Viernes 27 de marzo de 2020 22:30

Florece una esperanza contra el coronavirus: Transfusiones de sangre podría ayudar a frenar la pandemia

España y Estados Unidos trabajan en rescatar un tratamiento de hace más de un siglo, que es la transfusión directa de sangre de personas que ya se han recuperado de Covid-19.

Las autoridades sanitarias de España, en pleno colapso de los hospitales por el coronavirus, han empezado a explorar un posible tratamiento experimental para los pacientes más graves: la transfusión directa de sangre de personas que se han recuperado de la infección.

El Centro de Transfusión de la Comunidad de Madrid trabaja contra reloj con varios hospitales en un primer ensayo clínico, todavía en fase muy preliminar y pendiente de la autorización del Ministerio de Sanidad.

Una carta con el membrete del centro filtrada en redes sociales y dada a conocer por una nota del diario El País de España ha provocado una avalancha de ofrecimientos de potenciales donantes, pero una portavoz del Centro de Transfusión subraya que no están buscando voluntarios entre la población general, sino que serían los médicos los que se encargarían de encontrar a los candidatos idóneos para obtener su "sangre hiperinmune".

Esta es una estrategia antigua, de más de un siglo, que ya se utilizó en la pandemia de gripe de 1918, cuando un virus desconocido se propagó por el planeta y mató a unos 50 millones de personas, más del doble que la Primera Guerra Mundial. Los ensayos clínicos de la época, con sangre de sobrevivientes, lograron reducir la letalidad del virus a la mitad.

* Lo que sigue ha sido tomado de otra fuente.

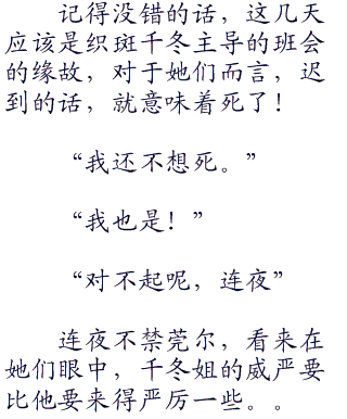 按照这个不负责任,但却意外的很有效的逻辑推理方式,即使被抓奸在chuang,连夜也不会可怜兮兮的像某一个伊藤诚的少年一样,被女狂刺取走性命,然后被女剑圣割下了首级浪迹天涯。

"Cuando la situación empezó a empeorar, quedó claro que merecía la pena intentarlo. Todo ha ido muy rápido", explica al diario El País de España el inmunólogo Arturo Casadevall.

Nueva York es el lugar del mundo con una tendencia más preocupante: el número de fallecidos por la Covid-19 se duplica cada dos días. Dos hospitales neoyorquinos —el Monte Sinaí y la Escuela de Medicina Albert Einstein— comenzarán la semana que viene a probar estas transfusiones contó.

La multinacional española Grifols, uno de los grandes productores mundiales de derivados de la sangre, anunció un acuerdo de colaboración con la FDA para obtener sangre de pacientes recuperados de la Covid-19, procesarlo industrialmente y fabricar un medicamento experimental a partir de las inmunoglobulinas hiperinmunes, las proteínas generadas por el cuerpo humano para combatir la infección. "De demostrarse eficaz, podría utilizarse en la lucha contra esta pandemia", ha asegurado la empresa, que se mete así en la carrera internacional para encontrar fármacos contra la nueva enfermedad.

La multinacional ha afirmado que está "trabajando en España en un ensayo clínico con plasma inactivado por azul de metileno de pacientes recuperados, colaborando con determinados centros de donación y hospitales públicos", sin ofrecer más detalles por el momento.

El inmunólogo Casadevall es optimista. En un artículo científico publicado en The Journal of Clinical Investigation ha analizado los precedentes históricos, como un estudio con 69 pacientes de ébola en Sierra Leona durante el brote de 2014. Los que recibieron sangre de sobrevivientes sufrieron una tasa de letalidad del 28%, frente al 44% en el grupo con el tratamiento rutinario. Otra investigación con 80 enfermos durante el brote de síndrome respiratorio agudo grave (SARS) en Hong Kong en 2003 mostró que cuanto antes se realizaba la transfusión de sangre, más mejoraba el pronóstico de los pacientes.

"Aunque prometedor, la sangre de personas recuperadas no ha demostrado ser efectivo en todas las enfermedades estudiadas", advierte sin embargo la FDA. Casadevall cree que algunos de estos fracasos del pasado se deben a que fueron tratamientos experimentales a la desesperada.

"Cuando se recurre al plasma de personas convalecientes, a menudo se utiliza demasiado tarde", lamenta Casadevall, que recuerda que China ya anunció hace un mes que había comenzado un ensayo clínico con plasma de donantes que habían superado la Covid-19. "Los chinos hablan de buenos resultados preliminares, pero todavía no hay datos definitivos", apunta el inmunólogo.